Qld Government hikes fines for OH&S offences


Queensland businesses warned to tighten compliance or tighten belts after the Government hikes fines

By Troy Bilsborough of Queensland Business Review

Queensland businesses are being warned to tighten up compliance or tighten their belts after the State Government announced it will be putting fines up across the board.

Much of the hype around the decision to date has focussed on traffic offences, however the planned increase for one penalty unit – the measure on which fine scales are based – from $75 to $100 will see all fines rise across all government departments.

Industrial Relations Minister John Mickel’s address to Parliament in Monday’s Question Time confirmed this, with on-the-spot fines for Workplace Health and Safety breaches such as failing to secure a ladder to a wall or unsafely working with asbestos to increase from $1,200 to $1,600.

Under current WH&S legislation each offence is worth 16 units each.

All State Government fines will rise on January 1, 2009. It is the first time the State Government has increased the value of its penalty units in almost a decade.

The change will bring Queensland closer into line with other states and territories.

Mickel told the house he was "pleased that at last penalty points have been raised".

"It is important that… penalty rates will be increased for those who engage in unsafe work practices," he says.

But Shadow Treasurer Tim Nicholls says this just another tax grab in the wake of the last week’s slashing of the State’s Budget surplus, estimating the exercise will earn an extra $70 million in revenue for the Bligh Government - a 32 percent increase on the $219 million collected last year.
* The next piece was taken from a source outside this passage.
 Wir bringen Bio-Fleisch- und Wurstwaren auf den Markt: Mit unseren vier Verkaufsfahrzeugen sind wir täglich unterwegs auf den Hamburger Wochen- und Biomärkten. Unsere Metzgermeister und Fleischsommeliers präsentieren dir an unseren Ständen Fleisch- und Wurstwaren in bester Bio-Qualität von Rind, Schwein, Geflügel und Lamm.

He says this is just further evidence the State Government treats the people of Queensland as its "own personal ATM".

Business representatives such as Commerce Queensland and the Australian Industry Group have expressed additional concerns about the lack of communication that has accompanied the increases so far.
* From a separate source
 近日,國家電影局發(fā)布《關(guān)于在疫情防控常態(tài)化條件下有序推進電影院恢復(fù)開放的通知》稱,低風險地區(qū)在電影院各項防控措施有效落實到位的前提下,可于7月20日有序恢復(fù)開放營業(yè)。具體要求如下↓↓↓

They anticipate a number of businesses will be unaware this is a whole-of-government hike.

Workplace health and safety is where business will be hit hardest, with the maximum financial penalty for breaches causing multiple deaths to rise from $150,000 to $200,000 and breaches causing death or grievous bodily harm $75,000 to $100,000.

The maximum for all other WH&S breaches where there is failure to discharge obligations will rise between $12,500 and $18,750.

Furthermore, under the proposed the National OHS Review penalties would increase further, with offences to be administered against a three-tier approach.

Under a harmonised national system fines for corporations and individuals would rise to maximum of penalties of $500,000 and $100,000 for the lowest category and $3 million, $600,000 or up to five jails for the worst cases.

And while the rate for first-timer WH&S offenders generally falls between 10 and 15 percent of the maximum penalty, Freehills Employment Relations Partner Harold Downes says it will still be a shock for those businesses unaware their actions are at fault.

On a positive note he says the report’s recommendation for the onus of proof to be shifted back onto prosecutors in OHS cases will offset this somewhat.

The same good news can not be afforded to those caught in breach of water restrictions, with refusal to replace or amend a Water Efficiency Management Plan (WEMP) rising from $37,500 to $50,000.

Failure to comply with a WEMP will now warrant a maximum penalty of $166,500, up $41,626.

A spokesperson for the Department of Employment and Industrial Relations says the Government is taking a whole-of-government communication approach on the issue.

January 1 also marks the start of new council powers regarding the regulation of environmental issues such as minor water, noise, air, dust, odour and light pollution.

As part of the legislation, on the spot fines have increased to $1,500 for a corporation and $750 for an individual, while wilful and non-wilful contravention of these provisions will warrant penalties of $62,625 and $22,500.

Council have, however, been given the right to set the value of these penalties how they see appropriate, prompting speculation they could increase in a similar.